Th2 Responses Elicited by Nasal Epithelial Cells Exposed to House Dust Mite Extract.
- Author:
Seung Heon SHIN
1
;
Mi Kyung YE
Author Information
- Publication Type:Original Article
- Keywords: House dust mite; Nasal epithelial cell; Peripheral blood mononuclear cell; Cytokine; Intercellular adhesion molecule
- MeSH: Allergens; Cell Membrane; Colony-Stimulating Factors; Dermatophagoides pteronyssinus; Dust; Epithelial Cells; Immune System; Inflammation; Intercellular Adhesion Molecule-1; Interferon-gamma; Interleukin-5; Interleukins; Nasal Polyps; Pyroglyphidae; RNA, Messenger; Tumor Necrosis Factor-alpha
- From:Clinical and Experimental Otorhinolaryngology 2009;2(4):175-180
- CountryRepublic of Korea
- Language:English
- Abstract: OBJECTIVES: Respiratory epithelial cells are the first site of interaction of allergens with the immune system. The aim of this study was to examine the effect of epithelial cells, which were stimulated with house dust mite (HDM) extracts, on the immune response of peripheral blood mononuclear cells (PBMCs). METHODS: Primary nasal polyp epithelial cells were exposed to dermatophagoides pteronyssinus and dermatophagoides farina for 48 hr, and then the supernatant and cells were collected. After stimulation with HDM extract, the epithelial cells were co-cultured with PBMCs for 72 hr and then the supernatant was collected. We measured the interleukin (IL)-8 and granulocyte-macrophage colony stimulating factor to determine the activation of the epithelial cells. The tumor necrosis factor (TNF)-alpha, IL-5 and interferon-gamma were measured to evaluate the interaction between the epithelial cells and the PBMCs. The mRNA expression of intercellular adhesion molecule 1 (ICAM-1) was assessed using the anti-ICAM-1 antibody.
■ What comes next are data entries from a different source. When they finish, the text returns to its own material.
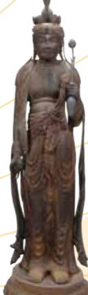
〔重要文化財〕 《十一面観音菩薩立像》 安来・清水寺
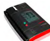
【ランチ X-431/ Diagon】
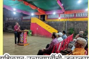
महाशिवरात्र उत्सवापूर्वीची जनरलसभा..
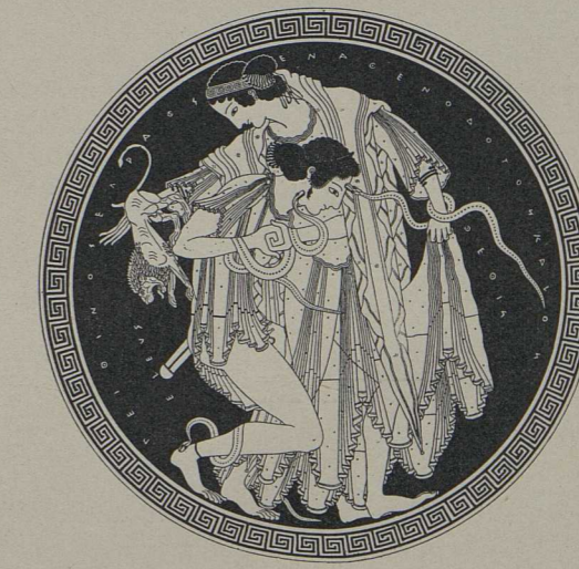
11. Innenbild einer rotfigurigen Schale des Peithinos (Berlin): Ringkampf zwischen Peleus und Thetis, welche sich in Tiere verwandeln [S. 618].
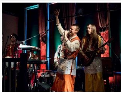
Kuva 8. Blogijulkaisu Solju.

Jonkin ajan kuluttua tekstien julkaisusta sain yhteydenoton keväällä 2015 Uuden Musiikin Kilpailussa mukana olleen Norlan El Misionarion konserttivälittäjä. Hän oli päätenyt lukemaan Soljuun ja Shavaan liittyvät julkaisut blogista ja otti yhteyttä julkaisujen innoittamana.
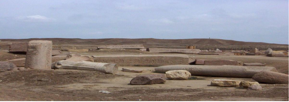
بقايا المسلات والأعمدة
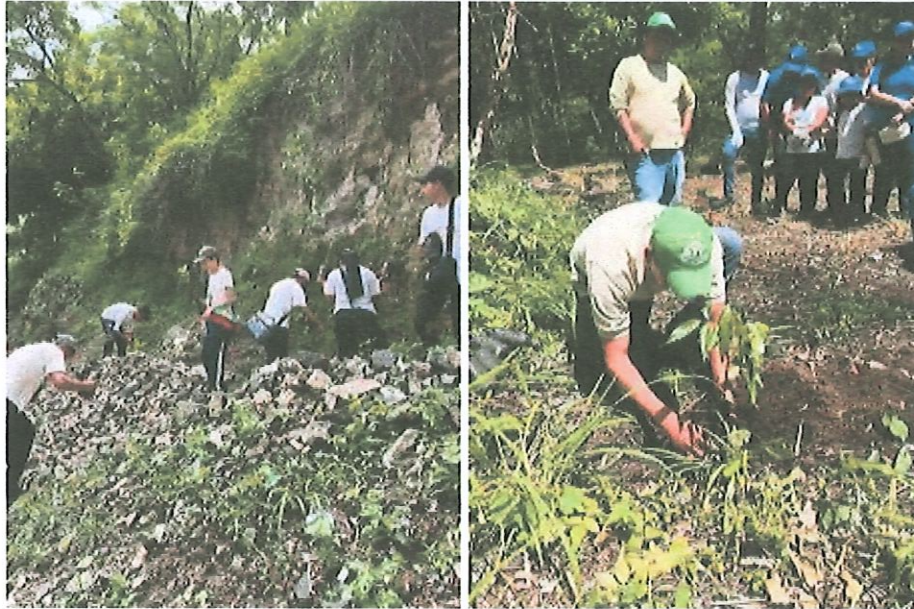
Foto 5 y 6: Personal guardarecursos reforestando y producción de plantas nativas en PNNU (fotos de julio 2024)

Se establecieron las 5 hectáreas de reforestaciones en el parque, en los lugares que sufrieron incendios forestales.

RESULTS: The HDM extracts activated the nasal epithelial cells and enhanced the expression of ICAM-1 mRNA and cell membrane ICAM-1. When the activated epithelial cells were co-cultured with PBMCs, the PBMCs produced lager amounts of TNF-alpha and IL-5. However the cytokine production was not inhibited by pretreatment with ICAM-1 antibody. CONCLUSION: HDM allergens induce allergic inflammation by activating nasal epithelial cells, yet the interaction of the epitheila cells and the PBMCs may not be associated with an ICAM-1 medicated mechanism.